Als je moeder een respectabele leeftijd heeft en het afgelopen half jaar drie keer met een ambulance naar het ziekenhuis is gebracht, valt het woord ‘dood’ wat vaker uit je mond dan je zou willen. Kinderen pakken daar automatisch iets van op. Vannacht kon mijn kleinste niet zo goed slapen. Ze is bang voor een kort leven en kreeg buikpijn bij die gedachte. Ze dacht er aan dat een hele hoop kinderen niet worden geboren of een kort leven hebben. Maar in een gesprek met haar moeder zei ze ook iets moois: We zijn eigenlijk geluksvogels dat we mogen leven. Omdat we dingen kunnen beleven.
Het alledaagse leven met bijhorende problemen zorgt vaak voor een grijze sluier. Ook worden onze gevoelens afgestompt doordat bijzondere dingen in gewoontes zijn veranderd. Ik kom uit een eenvoudig gezin. En als we vroeger een keer uit gingen eten, was dat een ware belevenis. Er is ook een lange periode geweest, dat ik twee of drie keer per week buiten de deur at. En dan wordt uiteten niet meer als een bijzondere belevenis ervaren. Jammer dat we die grijze sluier niet weg kunnen nemen. Jammer dat we voor zulk soort gevoelszaken geen reset-knop hebben… Maar ik geloof ook dat een groot deel van die grijze sluier tussen je oren zit. We beleven dingen dingen vaak niet (meer) zo intens, omdat onze gedachten vaak op een andere plek zitten dan ons lichaam.
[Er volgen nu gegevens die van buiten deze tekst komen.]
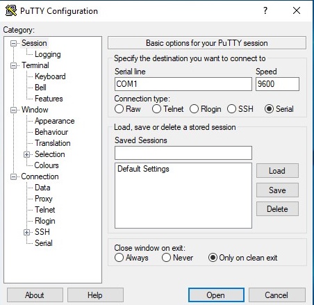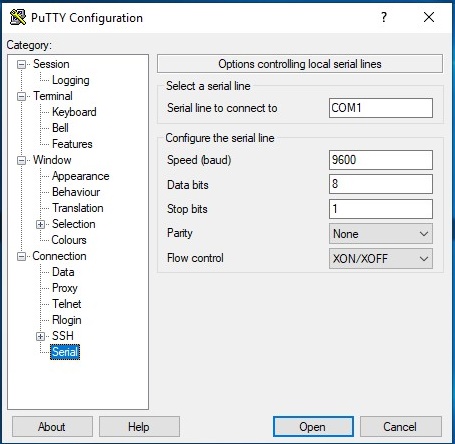 Opening PuTTY the com port we ran the loop back test on can be opened and the settings can be checked to make sure they match the configuration of the Ubuntu system’s COM settings.
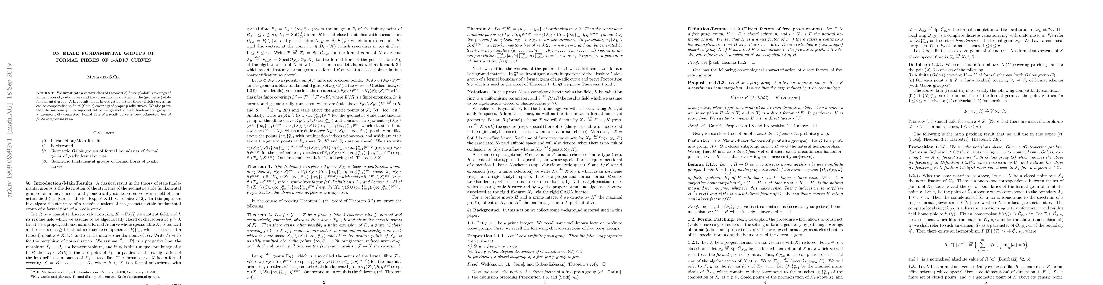 This paper explores finite Galois coverings of formal fibres of $p$-adic curves and their étale fundamental groups, demonstrating that these coverings can be extended to proper $p$-adic curves. It concludes that the maximal prime-to-$p$ quotient of the étale fundamental group of a geometrically connected formal fibre is a pro-prime-to-$p$ free group of finite computable rank.

Denk dat ik binnenkort ga proberen mijn lichaam en geest weer op één lijn te krijgen en mijn zintuigen ga verwennen: een pot Ben & Jerry’s voor mijn smaakpapillen; lekker luisteren naar mijn favoriete muziek; even wat langer bij de warme bakker staan en diep ademhalen; een mooi fotoboek bekijken en genieten van een heftige vrijpartij. Want van al die miljoenen zaadcellen, ben ik een geluksvogel.